Wednesday, April 6, 2011
In my previous post, I mentioned that renewable energy law often raises property and land use issues. For a recent example of legislative action in this area, see Oklahoma H.B. 1821, which, if enacted, would provide: "Any rights derived from a wind or solar energy agreement shall be subordinate in all respects to [oil and gas] exploration rights except to the extent consent is otherwise given . . . ." The bill also would require a wind or solar developer to obtain prior written consent from "the owner of [oil and gas] exploration rights" in order for the developer to "diminish, abrogate, or interfere with" exploration rights, and the owners of oil and gas exploration rights would be allowed to grant or withhold consent "for any reason or no reason." Jeff Wilson, the Oklahoma Independent Petroleum Association (OIPA) Vice President of Governmental Affairs, notes that "the wind turbines and transmission lines popping up across western Oklahoma can make it tough to bring in oil and gas rigs," and he supports the bill. A separate pending bill, S.B. 124, would also block wind developers from using eminent domain authority to acquire land. The wind industry is understandably concerned about these developments, arguing that H.B. 1821 would halt most wind development in the state.

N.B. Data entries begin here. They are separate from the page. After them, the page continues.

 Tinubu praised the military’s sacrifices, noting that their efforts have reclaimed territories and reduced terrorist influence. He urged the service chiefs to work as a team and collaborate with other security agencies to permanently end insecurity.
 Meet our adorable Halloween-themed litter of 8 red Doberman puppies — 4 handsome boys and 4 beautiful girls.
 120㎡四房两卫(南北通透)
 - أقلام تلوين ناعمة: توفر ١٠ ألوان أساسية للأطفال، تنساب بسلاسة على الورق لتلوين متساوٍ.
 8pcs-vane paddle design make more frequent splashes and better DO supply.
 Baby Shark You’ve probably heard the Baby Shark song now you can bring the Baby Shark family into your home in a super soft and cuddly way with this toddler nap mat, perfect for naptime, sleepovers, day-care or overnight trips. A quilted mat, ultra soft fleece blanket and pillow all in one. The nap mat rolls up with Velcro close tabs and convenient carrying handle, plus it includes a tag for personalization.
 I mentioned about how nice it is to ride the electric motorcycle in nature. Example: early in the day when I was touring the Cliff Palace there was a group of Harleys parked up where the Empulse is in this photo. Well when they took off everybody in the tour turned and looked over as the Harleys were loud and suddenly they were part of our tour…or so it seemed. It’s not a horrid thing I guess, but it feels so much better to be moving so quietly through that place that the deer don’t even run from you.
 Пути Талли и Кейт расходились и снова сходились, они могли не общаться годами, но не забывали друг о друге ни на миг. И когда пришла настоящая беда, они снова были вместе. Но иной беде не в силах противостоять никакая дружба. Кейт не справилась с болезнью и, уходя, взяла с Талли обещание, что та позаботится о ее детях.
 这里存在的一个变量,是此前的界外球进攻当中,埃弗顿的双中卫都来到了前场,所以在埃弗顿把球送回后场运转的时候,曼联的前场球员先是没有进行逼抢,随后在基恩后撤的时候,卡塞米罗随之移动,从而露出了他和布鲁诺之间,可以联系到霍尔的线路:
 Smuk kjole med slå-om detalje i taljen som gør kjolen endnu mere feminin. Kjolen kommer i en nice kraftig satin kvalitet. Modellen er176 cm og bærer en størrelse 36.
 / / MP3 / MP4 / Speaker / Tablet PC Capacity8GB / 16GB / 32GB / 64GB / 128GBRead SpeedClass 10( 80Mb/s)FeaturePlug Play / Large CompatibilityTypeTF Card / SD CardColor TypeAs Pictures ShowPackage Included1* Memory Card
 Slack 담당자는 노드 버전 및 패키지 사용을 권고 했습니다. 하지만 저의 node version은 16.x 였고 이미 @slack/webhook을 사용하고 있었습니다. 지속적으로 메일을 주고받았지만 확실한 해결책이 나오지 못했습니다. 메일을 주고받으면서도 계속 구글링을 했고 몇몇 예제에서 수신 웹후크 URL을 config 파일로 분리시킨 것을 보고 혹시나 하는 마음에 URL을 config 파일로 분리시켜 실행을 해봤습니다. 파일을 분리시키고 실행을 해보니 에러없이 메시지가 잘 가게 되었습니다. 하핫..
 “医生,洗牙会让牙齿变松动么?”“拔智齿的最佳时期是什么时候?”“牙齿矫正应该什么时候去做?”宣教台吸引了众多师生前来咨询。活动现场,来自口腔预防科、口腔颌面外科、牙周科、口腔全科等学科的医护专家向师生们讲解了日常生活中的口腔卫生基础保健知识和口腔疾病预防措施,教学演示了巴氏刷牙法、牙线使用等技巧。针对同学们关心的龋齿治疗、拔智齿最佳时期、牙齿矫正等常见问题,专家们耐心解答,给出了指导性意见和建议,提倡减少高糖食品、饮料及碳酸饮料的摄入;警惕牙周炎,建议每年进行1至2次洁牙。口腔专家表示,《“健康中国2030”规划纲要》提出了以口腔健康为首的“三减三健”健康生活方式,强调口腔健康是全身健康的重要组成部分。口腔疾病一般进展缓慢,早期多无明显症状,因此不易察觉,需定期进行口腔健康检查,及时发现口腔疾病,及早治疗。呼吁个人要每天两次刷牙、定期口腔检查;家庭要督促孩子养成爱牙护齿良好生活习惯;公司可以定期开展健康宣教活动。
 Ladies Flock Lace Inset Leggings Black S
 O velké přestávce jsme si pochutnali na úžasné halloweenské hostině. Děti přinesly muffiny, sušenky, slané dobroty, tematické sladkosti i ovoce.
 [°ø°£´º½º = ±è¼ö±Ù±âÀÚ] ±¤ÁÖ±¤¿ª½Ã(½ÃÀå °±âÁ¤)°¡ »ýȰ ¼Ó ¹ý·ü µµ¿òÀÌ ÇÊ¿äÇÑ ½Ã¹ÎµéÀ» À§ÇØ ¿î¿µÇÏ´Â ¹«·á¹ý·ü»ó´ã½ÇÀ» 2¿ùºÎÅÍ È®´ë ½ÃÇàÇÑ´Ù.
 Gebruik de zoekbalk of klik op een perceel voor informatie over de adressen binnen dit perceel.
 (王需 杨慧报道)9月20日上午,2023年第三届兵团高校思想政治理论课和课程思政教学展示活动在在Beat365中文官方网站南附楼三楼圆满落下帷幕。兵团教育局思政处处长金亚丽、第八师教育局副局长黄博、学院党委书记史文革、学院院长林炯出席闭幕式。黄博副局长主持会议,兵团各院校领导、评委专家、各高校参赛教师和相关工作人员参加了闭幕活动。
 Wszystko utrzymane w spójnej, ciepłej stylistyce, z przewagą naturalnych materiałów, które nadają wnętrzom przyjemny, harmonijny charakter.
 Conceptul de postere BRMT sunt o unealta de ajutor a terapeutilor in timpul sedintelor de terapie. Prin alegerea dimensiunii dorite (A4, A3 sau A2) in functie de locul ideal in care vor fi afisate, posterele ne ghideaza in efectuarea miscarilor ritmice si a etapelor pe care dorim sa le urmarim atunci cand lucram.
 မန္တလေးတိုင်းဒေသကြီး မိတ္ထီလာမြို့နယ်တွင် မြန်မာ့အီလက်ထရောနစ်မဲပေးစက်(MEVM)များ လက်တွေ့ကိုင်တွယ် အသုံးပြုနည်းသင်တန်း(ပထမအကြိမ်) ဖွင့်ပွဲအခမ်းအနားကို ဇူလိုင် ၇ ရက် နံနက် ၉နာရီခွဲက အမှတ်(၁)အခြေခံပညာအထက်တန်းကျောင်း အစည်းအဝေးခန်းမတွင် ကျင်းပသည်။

Professor Ernest Smith and Becky Diffen have a useful discussion of broader legal principles likely to emerge in mineral-wind surface disputes in their "Winds of Change" article in the Texas Journal of Oil, Gas, and Energy Law. As Smith and Diffen point out, developers can avoid many of the conflicts anticipated by Oklahoma's bill through private contracting. Oil or gas and wind developers can enter into an accommodation agreement, for example, wherein they agree to share roads for rigs and construction equipment and select specific locations for well and tower placement. Regardless of the remedy chosen, mineral-wind disputes will likely expand in importance as renewables continue to grow, and these raise interesting questions for the classroom. Will first-in-time principles continue to govern? Who must "accommodate" whom under traditional common law doctrines? If a wind and mineral lease are acquired simultaneously, should one right have priority over another, or should the parties be required to negotiate from equal positions? Many of the answers to these questions will likely depend on states' energy priorities. In states with strong natural gas economies, like Oklahoma, gas development may maintain the upper hand despite the abundant winds that blow through the western portion of the state. As the OIPA President has argued, "In Oklahoma law, the mineral estate is the dominant estate." If supporters of H.B. 1821 succeed, the law likely will reflect this position.